Running Powershell as administrator, type:

Get-Process | Select Name, PrivilegedProcessorTime | `
Sort-Object PrivilegedProcessorTime -Descending

The process at the top of the list is the process currently using the most kernel mode CPU time right now. If that process is not "System," then you've just figured out what user mode process is causing this CPU usage. If the process with the highest Privileged Processor Time is System, which I suspect it is, then it's a little more complicated.
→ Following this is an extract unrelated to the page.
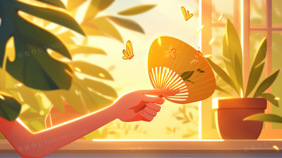 本作品内容为炎热夏季手拿扇子扇风插画, 格式为 jpg, 大小2 MB, 图片尺寸为2912 x 1632, 源文件无水印, 欢迎使用熊猫办公。 如认为平台内容涉嫌侵权,可通过邮件:tousu@tukuppt.com提出书面通知,我们将及时处理。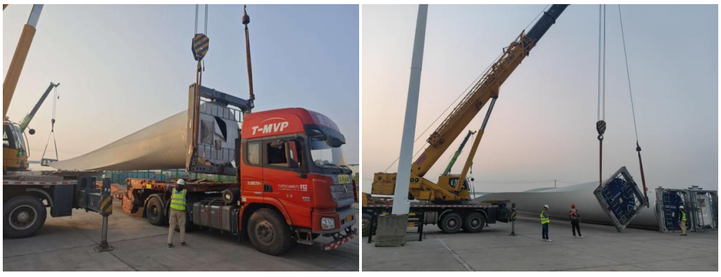 “百日攻堅”號角吹響以來,鹽城港保稅物流中心主動聚焦重大件貨物物流服務痛點難點,將風電葉片入庫作業列為重點攻堅任務。籌備階段,中心組建專項攻堅小組,綜合研判運輸銜接、場地調度、機械適配等多維度因素,制定“一貨一策”詳盡作業方案,對流程節點逐一梳理、閉環解決;同步協調管委會、海關等職能部門,針對風電葉片運輸道路通行需求,通過拆除影響通行的路燈等舉措保障道路通暢,進一步優化作業保障體系;搭建分工明確、協同高效的作業團隊,提供全程精細化服務。針對風電葉片“超長、超重”的特性,中心專項開展安全操作集中培訓,明確崗位職責、規范統一指揮流程,強化安全技術交底與風險點辨識控制,全方位筑牢大件作業安全防線,以專業能力為攻堅任務保駕護航。

Open Process Explorer. Optionally, set up your symbol server. Make sure you are running with full UAC elevation. Right click the System "process" and go to Properties. Then go to the Threads tab. Sort the threads by CPU usage. The thread that's causing all this kernel mode work should be here. If you look at the module listed under Start Address, it should give you a clue as to what the work is related to. If it's NDIS.sys, for instance, that's a network interface driver. If you set up the symbol server, you should see the name of a function within a module (unless the module is non-Microsoft,) else you'll just see a numerical offset from the module's start address.

Alternatively, use Xperf from the Windows Performance Toolkit to profile interrupts, DPCs, etc.

xperf -on PROC_THREAD+LOADER+DPC+INTERRUPT

and stop recording with xperf -d logfile.etl

Xperf replaces the old Kernrate tool, and can net you some extremely detailed data.

When a CPU is doing work in kernel mode, it's mostly running interrupt service routines. (ISRs) When an interrupt occurs, user mode work is suspended on that processor, and the CPU runs the ISR registered to that interrupt. If you find your CPU spending an inordinate amount of time on these interrupts, that usually indicates a faulty device driver that needs to be updated.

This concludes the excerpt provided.